Seeing Freedom’s Light, Finally?

Wednesday, February 18th, 2015

Back not so long ago, in the wake of the Charlie Hebdo shootings, this weblog took up a brief examination of behavior on the part of the authorities which seemed to belie the commitment to freedom of expression which supposedly was what had been assaulted by the three Parisian killers, and for which – there can be no doubt – those many thousands of citizens marched in the streets of Paris (and other French cities, indeed other cities throughout the world) on Sunday, 11 January. Indeed, when it soon came to the gumshoes hitting the pavement there turned out not to be much loyalty to free expression, but rather to the enforcement of a quite lopsided expression regime under which it is quite OK to mock Islam, but beyond the pale – indeed, arrestable – to mock or denigrate those who mock Islam or to express any sort of sympathy or understanding for why those killers acted as they did.

This much was clear quite soon in France, but unfortunately the same syndrome was also evident in Denmark, where some 23-year-old guy (among others) who expressed approval of the Paris killings was arrested when the authorities found out, and his apartment thoroughly searched.

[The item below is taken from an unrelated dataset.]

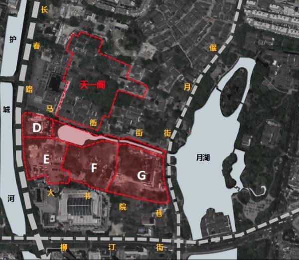 项目分区功能参见下图。其中,G地块为天一阁博物院南馆的展览交流区,D、E地块拟作为典藏修复(服务)区,F地块拟作为文化休闲区:

Now, as of last weekend, we saw the same variety of Charlie Hebdo terror strike Denmark itself, with the shootings at the public debate over blasphemy and the arts, followed by an assault at Copenhagen’s historic Grand Synagogue, that in the end left a total of two innocents dead and many wounded. And as sure as mushrooms pop up out of the ground after a rainstorm, there followed commentators ready to praise the “sacrifice” of gunman Omar al-Hussein:

AarhusAK
You see that the name of the Facebook account and its associated photo-avatar has been obscured, but the accompanying Jyllands-Posten article tells us most of what we’d like to know: 26 years old; head of a family; of Palestinian origin; and he doesn’t even live in Copenhagen but rather near Denmark’s second-largest city, Aarhus, located on the Jutland peninsula. He’s identified simply as “AK,” and if he doesn’t win any style-points for originality, he at least is multi-lingual: you see that this Facebook update has not only Je suis Omar but also Vi er alle Omar (Danish for “We are all Omar” – I’d beg to differ) as well as Allah yerhamak (properly: الله يرحمك) or “God bless you.” (more…)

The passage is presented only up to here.